## Data shown
- - -

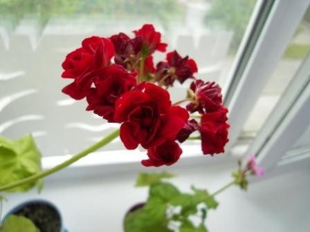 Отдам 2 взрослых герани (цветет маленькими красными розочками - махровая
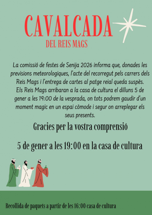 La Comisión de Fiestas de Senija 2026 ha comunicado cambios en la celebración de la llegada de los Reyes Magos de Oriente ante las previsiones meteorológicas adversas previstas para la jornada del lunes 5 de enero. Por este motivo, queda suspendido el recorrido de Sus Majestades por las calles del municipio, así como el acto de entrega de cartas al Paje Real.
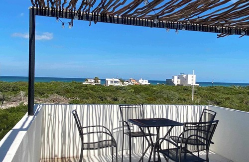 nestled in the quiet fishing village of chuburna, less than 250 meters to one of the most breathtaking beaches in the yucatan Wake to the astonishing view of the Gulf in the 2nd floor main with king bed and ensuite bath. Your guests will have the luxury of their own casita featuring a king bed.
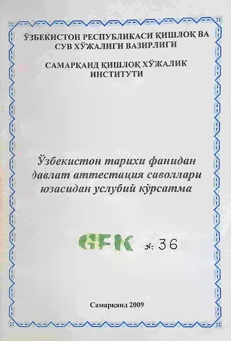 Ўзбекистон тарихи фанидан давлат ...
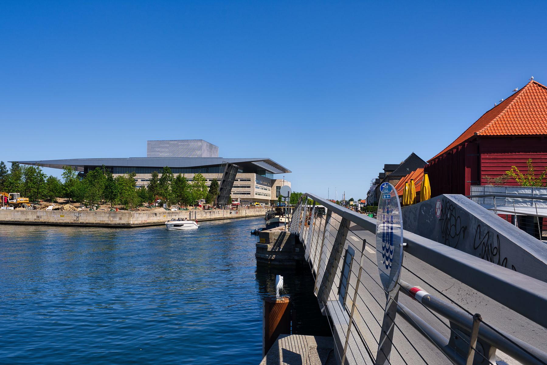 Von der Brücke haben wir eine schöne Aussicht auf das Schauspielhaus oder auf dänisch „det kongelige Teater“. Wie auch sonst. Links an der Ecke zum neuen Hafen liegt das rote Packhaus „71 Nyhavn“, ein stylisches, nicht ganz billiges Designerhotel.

- - -

Set down the records exactly, without the pictures.

## Output of the exercise
 Отдам 2 взрослых герани (цветет маленькими красными розочками - махровая
 La Comisión de Fiestas de Senija 2026 ha comunicado cambios en la celebración de la llegada de los Reyes Magos de Oriente ante las previsiones meteorológicas adversas previstas para la jornada del lunes 5 de enero. Por este motivo, queda suspendido el recorrido de Sus Majestades por las calles del municipio, así como el acto de entrega de cartas al Paje Real.
 nestled in the quiet fishing village of chuburna, less than 250 meters to one of the most breathtaking beaches in the yucatan Wake to the astonishing view of the Gulf in the 2nd floor main with king bed and ensuite bath. Your guests will have the luxury of their own casita featuring a king bed.
 Ўзбекистон тарихи фанидан давлат ...
 Von der Brücke haben wir eine schöne Aussicht auf das Schauspielhaus oder auf dänisch „det kongelige Teater“. Wie auch sonst. Links an der Ecke zum neuen Hafen liegt das rote Packhaus „71 Nyhavn“, ein stylisches, nicht ganz billiges Designerhotel.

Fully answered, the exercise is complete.